Прошло уже много лет с тех пор, как мы посылали друг другу гонцов с такими словами. Между нами сновало много посланцев, но теперь слова, которые они передавали, всегда касались дел, требующих исполнения. Наши жизни превратились в сплошные дела. К делам относилось даже, когда мы будем обедать, не заболел ли ребенок, в какой день недели будет праздник какого святого. Даже зачатие детей превратилось в дело.
— Если ты не хочешь разбудить кого-нибудь из слуг, я могу сходить сама, — сказала сестра.
— Бродить по дворцу в ночной рубашке? Ты не станешь!
— Я накину ночной халат. А почему бы и нет? Что в этом может быть плохого?
— Твое доброе имя…
— Чепуха! Раньше ты была слишком умна для этого.
— Я и сейчас умна. — Я снова села. — Достаточно умна, чтобы заботиться о твоем добром имени, когда господина Малтреверса тут нет. Я пойду сама.
— Ты?!
— Да, — ответила я, отбрасывая меха.
— Если ты не желаешь посылать меня или одну из служанок, тогда пошли часового, дежурящего у дверей. Я напишу за тебя, если у тебя нет чиновника, который знает, что ты хочешь сказать.
— Нет.
Меня покалывал мороз, как в Графтоне, побуждая скакать по полям с красными щеками, с носом, посиневшим от холода. Я не смогла бы высидеть в своих покоях, ожидая возвращения Маргариты.

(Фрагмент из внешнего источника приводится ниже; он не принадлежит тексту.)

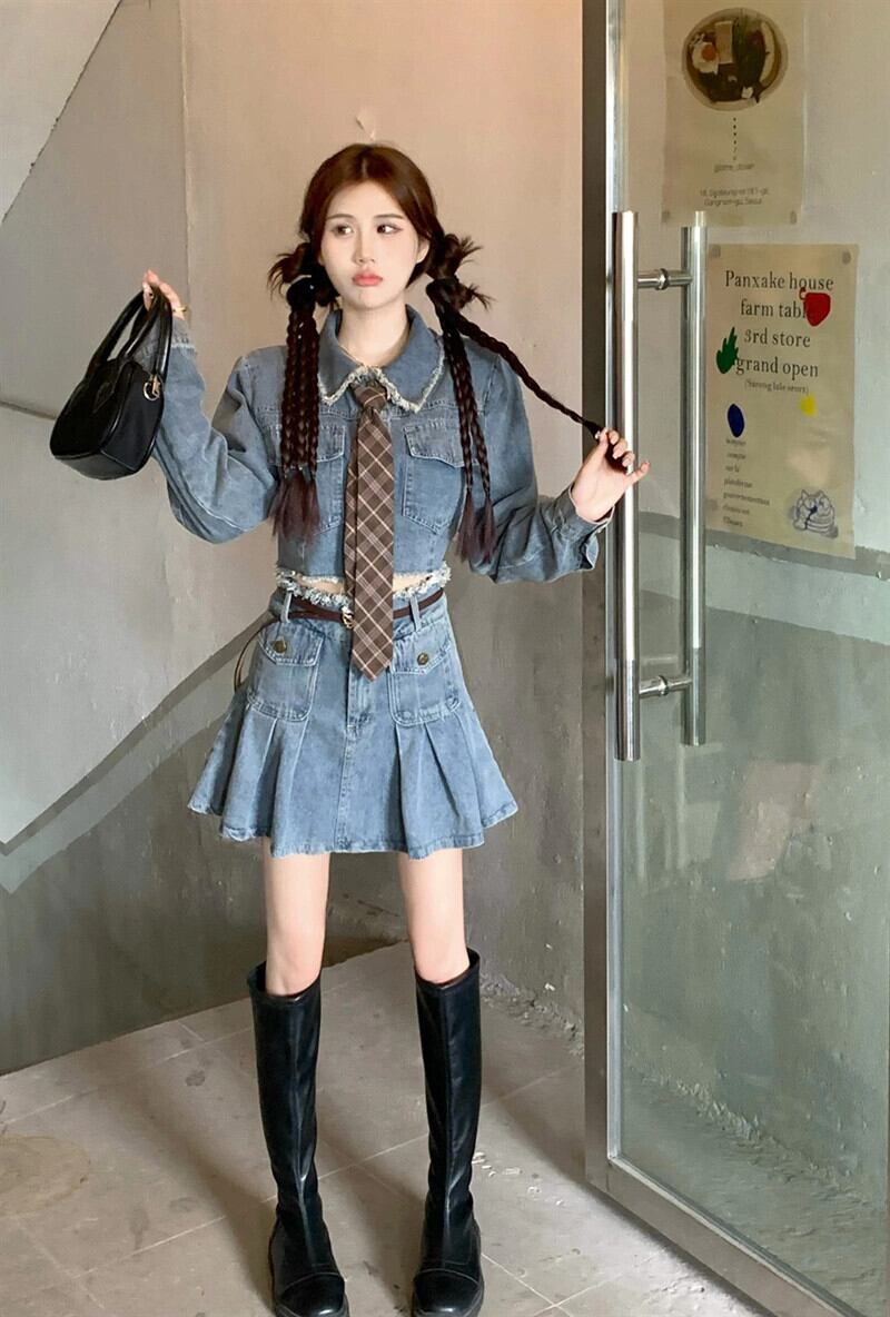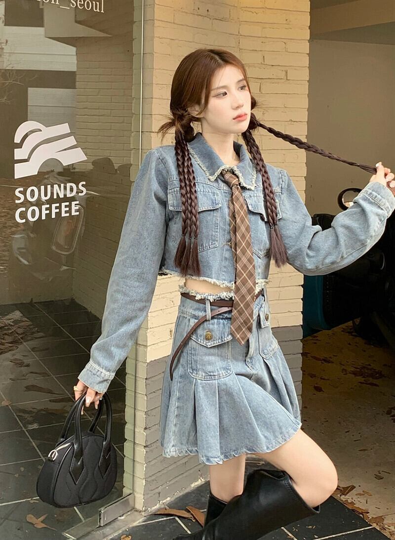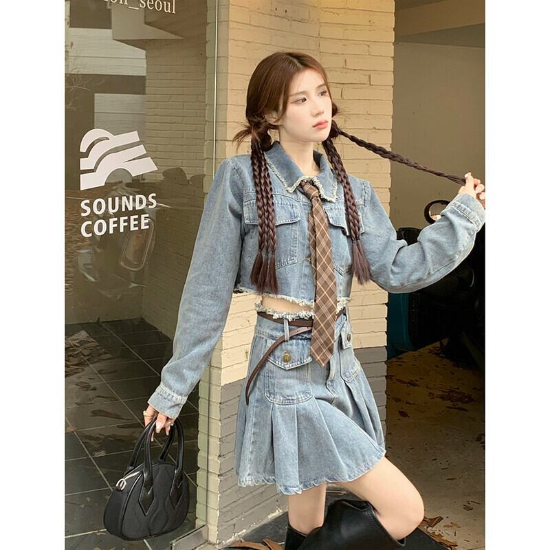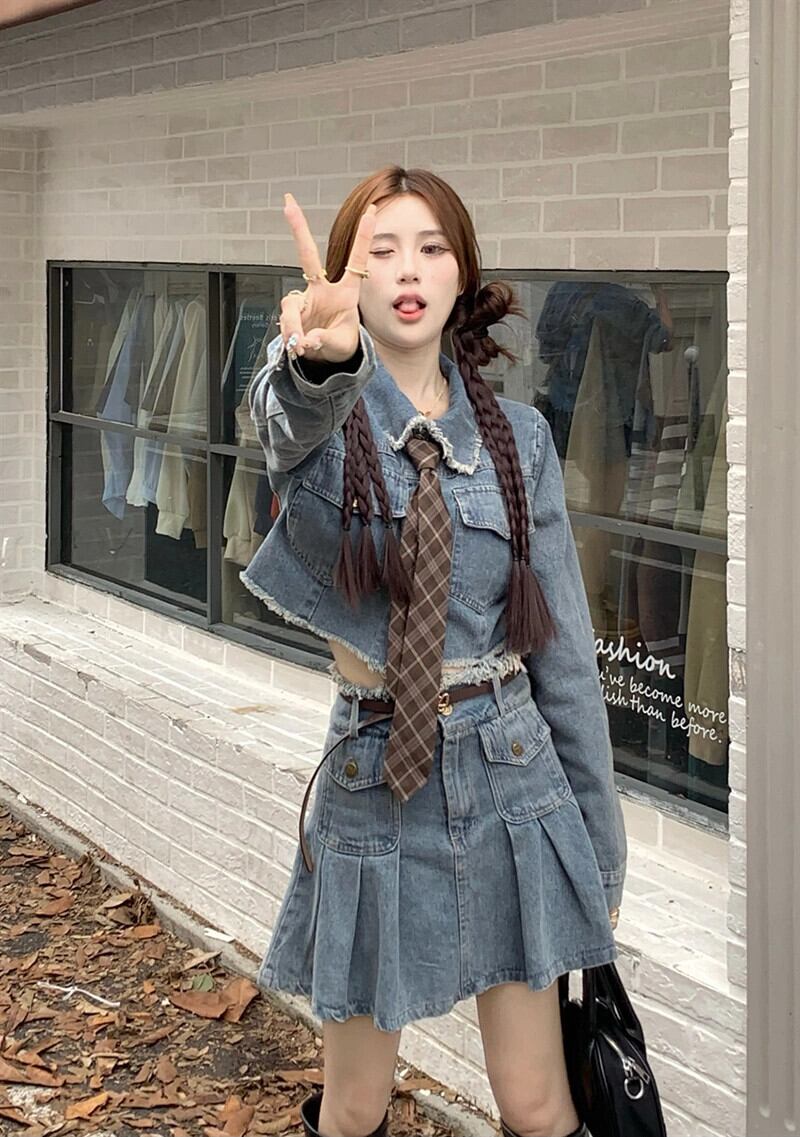 甘いクール生エッジショートデニムジャケットハイウエストプリーツスカート女性の夏の 2023 新しいファッションスーツ ハイウェスト 大人ガーリー スウィート キュート カジュアル サマー 夏物 missk11130073141

— Пойду, — заявила я, вставая. — Я королева, и такова моя воля. Никто не оспорит ее.
— Но… но что, если…
Маргарита была права.
Если Эдуард не один, это будет для меня оскорблением, о котором к утру узнает весь дворец.
— Ты можешь пойти со мной и спросить, примет ли тебя его величество. Я пойду, укрывшись под капюшоном: никто не подумает, что идет королева. А если он тебя примет, я тоже войду.
Сонные стражники подняли глаза и увидели, как мы проходим мимо. Маргарита, которая шла впереди, кивнула им, а мое лицо было скрыто под капюшоном. Ледяной ветер свистел по коридорам и трепал наши ночные одеяния, как будто мы стояли на пустоши.
Через приемную короля, где пажи и вооруженные люди беспокойно спали вокруг огня, через большой покой, через личный кабинет, к двери его спальни. Когда стражник открыл эту дверь, чтобы доставить послание Маргариты, огонь внутри озарил пол у наших ног и как будто согрел их.
Эдуард сидел у огня в ночном халате, наброшенном поверх рубашки и рейтуз. С ним были Гастингс и паж Грэй — мой самый старший внук, хотя я признавала его только тайно.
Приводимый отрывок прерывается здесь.